Re: Optimizing nbtree ScalarArrayOp execution, allowing multi-column ordered scans, skip scan

Peter Geoghegan <pg@bowt.ie>

From: Peter Geoghegan <pg@bowt.ie>
To: Matthias van de Meent <boekewurm+postgres@gmail.com>
Cc: PostgreSQL Hackers <pgsql-hackers@lists.postgresql.org>, Tom Lane <tgl@sss.pgh.pa.us>, Tomas Vondra <tomas.vondra@enterprisedb.com>, Jeff Davis <pgsql@j-davis.com>, benoit <benoit@hopsandfork.com>
Date: 2023-07-27T14:00:31Z
Lists: pgsql-hackers

Commits

Same data as JSON: GET /api/v1/messages/:b64id/commits the thread's linked commits as JSON, with link sources. API reference →
  1. Move nbtree preprocessing into new .c file.

  2. Fix nbtree lookahead overflow bug.

  3. Remove unneeded nbtree array preprocessing assert.

  4. Don't try to fix eliminated nbtree array scan keys.

  5. Remove redundant nbtree preprocessing assertions.

  6. Avoid extra lookups with nbtree array inequalities.

  7. Enhance nbtree ScalarArrayOp execution.

  8. Improvements and fixes for e0b1ee17dc

  9. Skip checking of scan keys required for directional scan in B-tree

  10. Fix btmarkpos/btrestrpos array key wraparound bug.

  11. Add nbtree high key "continuescan" optimization.

  12. Consider secondary factors during nbtree splits.

  13. Make heap TID a tiebreaker nbtree index column.

  14. Fix planning of btree index scans using ScalarArrayOpExpr quals.

  15. Fix btree stop-at-nulls logic properly.

  16. Teach btree to handle ScalarArrayOpExpr quals natively.

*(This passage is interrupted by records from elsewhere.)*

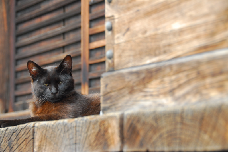もう1匹の黒猫と交替でお賽銭箱の見張り番をしているのですね(笑)
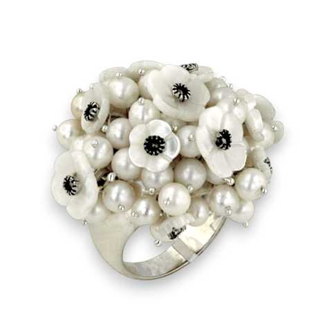 Marcasite Ring Cluster of Round Fresh Water Pearl and Flower Mother of Pearl
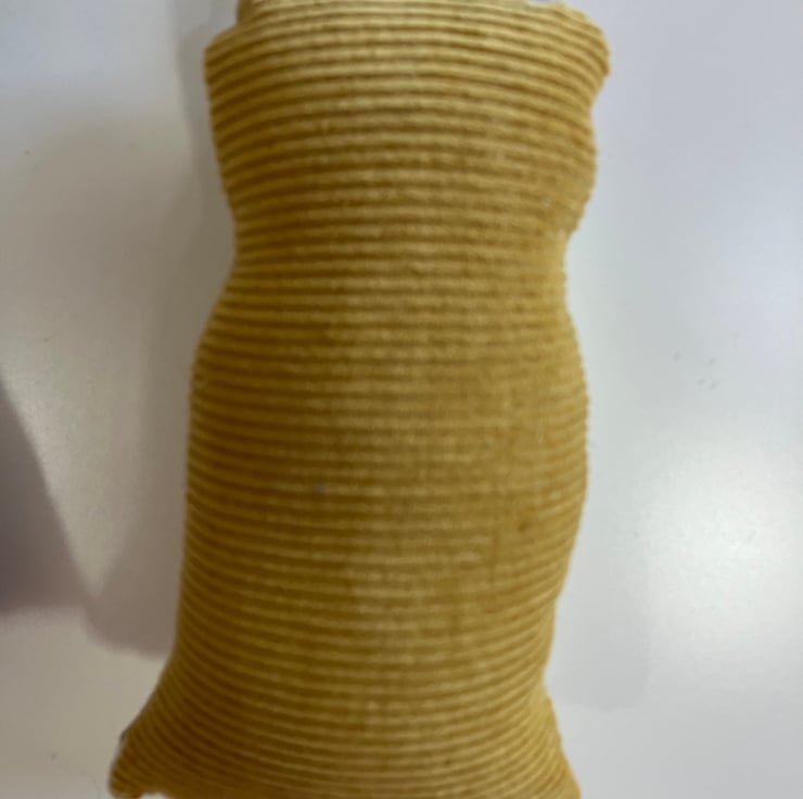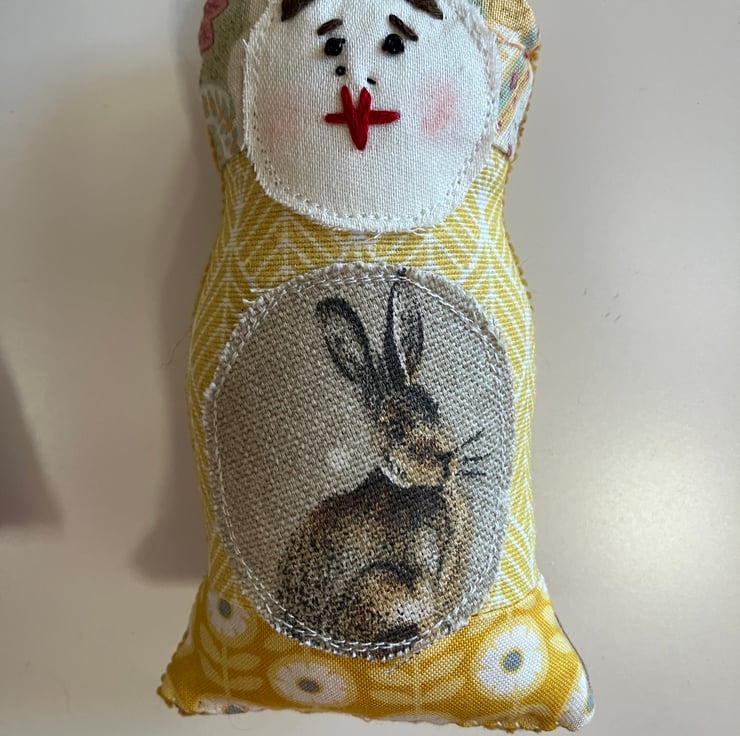 Hand embroidered face with bead eyes. A hare on the tummy, with yellow patterned fabrics. The back has corduroy fabric. Hang anywhere around your home from the twine loop. Approximately 20cm tall and 8cm wide. Stuffed with toy filling.

On Thu, Jul 27, 2023 at 7:59 AM Matthias van de Meent
<boekewurm+postgres@gmail.com> wrote:
> > Basically, the patch that added that feature had to revise the index
> > AM API, in order to support a mode of operation where scans return
> > groupings rather than tuples. Whereas this patch requires none of
> > that. It makes affected index scans as similar as possible to
> > conventional index scans.
>
> Hmm, yes. I see now where my confusion started. You called it out in
> your first paragraph of the original mail, too, but that didn't help
> me then:
>
> The wiki does not distinguish "Index Skip Scans" and "Loose Index
> Scans", but these are not the same.

A lot of people (myself included) were confused on this point for
quite a while. To make matters even more confusing, one of the really
compelling cases for the MDAM design is scans that feed into
GroupAggregates -- preserving index sort order for naturally big index
scans will tend to enable it. One of my examples from the start of
this thread showed just that. (It just so happened that that example
was faster because of all the "skipping" that nbtree *wasn't* doing
with the patch.)

> Yes, that's why I asked: The MDAM paper's examples seem to materialize
> the full predicate up-front, which would require a product of all
> indexed columns' quals in size, so that materialization has a good
> chance to get really, really large. But if we're not doing that
> materialization upfront, then there is no issue with resource
> consumption (except CPU time, which can likely be improved with other
> methods)

I get why you asked. I might have asked the same question.

As I said, the MDAM paper has *surprisingly* little to say about
B-Tree executor stuff -- it's almost all just describing the
preprocessing/transformation process. It seems as if optimizations
like the one from my patch were considered too obvious to talk about
and/or out of scope by the authors. Thinking about the MDAM paper like
that was what made everything fall into place for me. Remember,
"missing key predicates" isn't all that special.